Let $ (G,*) $ be a group so that the function $ f:\mathbb{R} \rightarrow \mathbb{R} $ , $ f(x)=\frac{x}{1+|x|} $ is an izomorphism between $ (R,+) $ and $ (G,*) $
$ 1) $ The number of solutions for the equation $ x*x = 2f(x) $ is ?
$ 2) $ Calculate $ \frac{1}{2}*\frac{1}{2}*\cdots*\frac{1}{2} $, where $ \frac{1}{2} $ appears $ 10 $ times .
The answer for the first one should be $\infty $ and for the second one $ \frac{10}{11} $
I haven't encountered problems like these because we aren't actually given the $ * $ law . Also for the second part the inverse of $ f $ which is $ f(x)=\frac{x}{1-|x|} $ could help us finding the expression.

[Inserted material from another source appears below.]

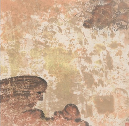 罗小华的这幅《黄河之母》正是表达了最核心的黄河文化精神——黄河哺育中华儿女。画面的整体并不强调实在的形态,而是使用了类似映像派的风格特点——运用色彩来诉说主题。《黄河之母》旨在表达和描绘黄河雄壮,以及作为华夏民族源头的文化内涵和历史沧桑感。写意的手法在此运用得恰到好处,不拘细节的笔法正是我们对黄河复杂感情的最好诠释。整幅画卷像似黄河两岸相互眺望,滚滚的黄河水奔腾而过,释放着强有力的生命力。但是从另一种角度观察这幅画,画面又好似一面干枯斑驳的墙壁,历经了岁月的侵蚀,满是疮痍和破败,写满了世事的沧桑。细看本幅画的左下角,黄河母亲的形象与自然之石融为一体,神情也被刻画的充满母亲般的慈爱,仿佛在凝视着她哺育出的新生儿,画面也由此变得生动充满内涵。

I also want to ask some mods to delete my last question because it appeared to be off-topic and I'm sorry for that.
For me, the question seems poorly posed, but maybe that is deliberate. Perhaps you are meant to stretch your thinking.
From the definition, $f:\mathbb{R} \rightarrow \mathbb{R}$ a group isomorphism, $(\mathbb{R},+) \rightarrow (G,*)$ it is clear that $G \subset \mathbb{R}$, $G = f(\mathbb{R})$ with $*$ defined on $G$ by $x_1*x_2 = f\left(f^{-1}(x_1) + f^{-1}(x_2)\right)$.
1) The left-hand side of $x*x = 2f(x)$ indicates the $x\in G$ since that is where $*$ is defined, while the right-hand side indicates that $x\in \mathbb{R}$ since that is the domain of $f$. The only way out of the conundrum is to identify the elements of $G$ with elements of $\mathbb{R}$ using $G \subset \mathbb{R}$. $$ x*x = f\left(f^{-1}(x) + f^{-1}(x)\right) = f\left(\frac{2x}{1 - |x|}\right) = \frac{\frac{2x}{1 - |x|}}{1+\left|\frac{2x}{1 - |x|}\right|} = \frac{2x}{1+|x|} $$ using that $|x| < 1$ for $x \in G$. Since $2f(x)$ also equals $\frac{2x}{1+|x|}$ considering $x\in\mathbb{R}$. $x*x = 2f(x)$ for any of the infinite number of $x\in G$.